Gorzej było w szkołach technicznych i w liceach profilowanych. W niektórych zdawalność kształtowała się na poziomie 30% – 45%. Tak było m.in. w technikum przy Zespole Szkół Mechaniczno-Elektrycznych im. Pułaskiego, w technikum w Zespole Szkół Technicznych z al. Jana Pawła II czy w częstochowskiej „samochodówce” przy ul. Augustyna. Najgorsze wyniki osiągali uczniowie liceów profilowanych, np. w działającym w ramach Zespołu Szkół im. Kochanowskiego zdawalność wyniosła zaledwie 25%.
Jako powód dyrektorzy zwykle podają niski potencjał uczniów. – Trafiają do nas uczniowie, którzy już przy rekrutacji mają gorsze wyniki – mówi Tomasz Dobosz, dyrektor Zespołu Szkół Mechaniczno-Elektrycznych im. Pułaskiego. – Przez trzy lata nie da się wszystkiego nadrobić. By kształcić, potrzebne są chęci, nie tylko szkoły, ale też ucznia i rodziny. Są uczniowie, w których udaje nam się wzbudzić poczucie własnej wartości i zachęcić do pracy, widać wówczas efekty. Są jednak też tacy, którzy współpracopwać nie chcą. Poza tym maturę nie każdy musi zdać…
Drugi problem to fakt, że w niektórych szkołach do matury znaczna liczba uczniów w ogóle nie przystąpiła. Są placówki, w których na zdawanie nie zdecydowało się nawet 50% uczniów.
Złe wyniki matur spowodowały poruszenie w organach nadzoru. Do dyrekcji tych częstochowskich szkół, w których wyniki matur były najsłabsze i gdzie najmniej osób przystąpiło do egzaminu, mają w najbliższym czasie trafić wysłane z Urzędu Miasta pisma z prośbą o wyjaśnienie powodów takiej sytuacji. – Dyrektorzy szkół zostaną zobowiązani do przeanalizowania pracy nauczycieli, którzy przygotowywali młodzież do matury, oraz do przedstawienia programu naprawczego – tłumaczy Sylwia Bielecka z biura prasowego częstochowskiego magistratu. – Problem ma być przeanalizowany w poszczególnych w szkołach podczas rad pedagogicznych.
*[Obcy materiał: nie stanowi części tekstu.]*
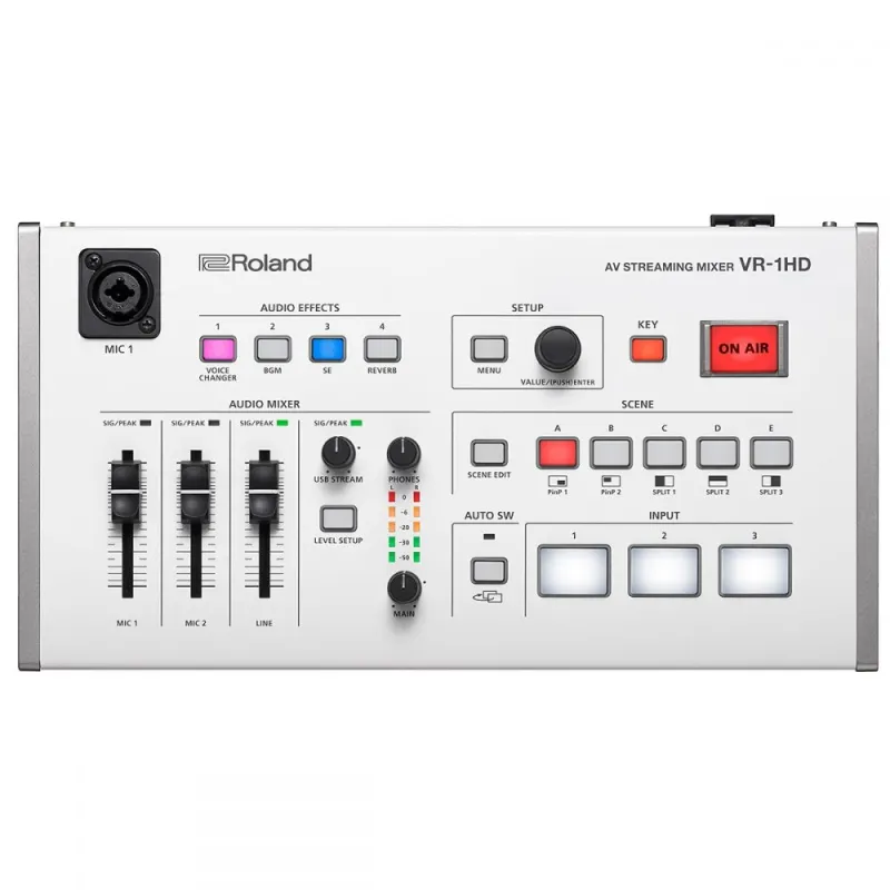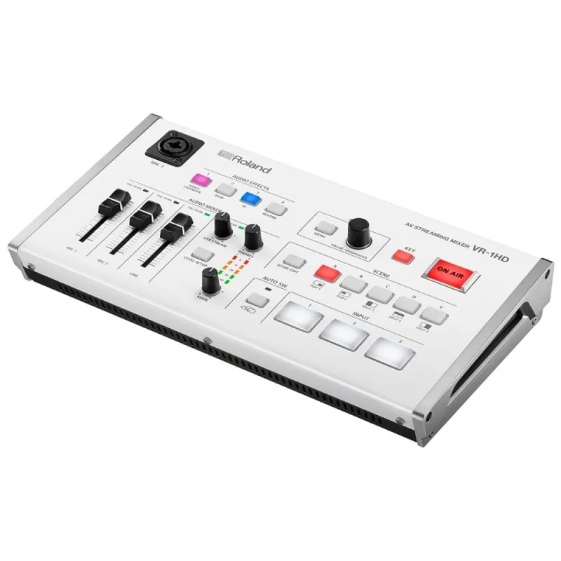 The VR-1HD has three “worry-free” HDMI inputs, and each one accepts a variety of HD and computer-based video resolutions. This lets you connect, switch and stream different sources including cameras, presentations, gameplay and even smartphones and tablets without having to think about it. The audio from these sources can be blended with the two studio-quality XLR microphone inputs and dedicated line input. Best of all, as the VR-1HD is designed for live broadcasting, its dedicated controls and top-mounted mic input (with gooseneck mic) let you go hands-free and headset-free while livestreaming.

We wrześniu do szkół, w których matury wypadły najgorzej, trafią też inspektorzy ze Śląskiego Kuratorium Oświaty. – Chcemy sprawdzić, w jaki sposób szkoły przygotowują się do egzaminów i uwrażliwić dyrektorów, by analizowali wyniki z poprzednich lat – mówi Anna Wietrzyk, rzeczniczka prasowa śląskiego kuratorium.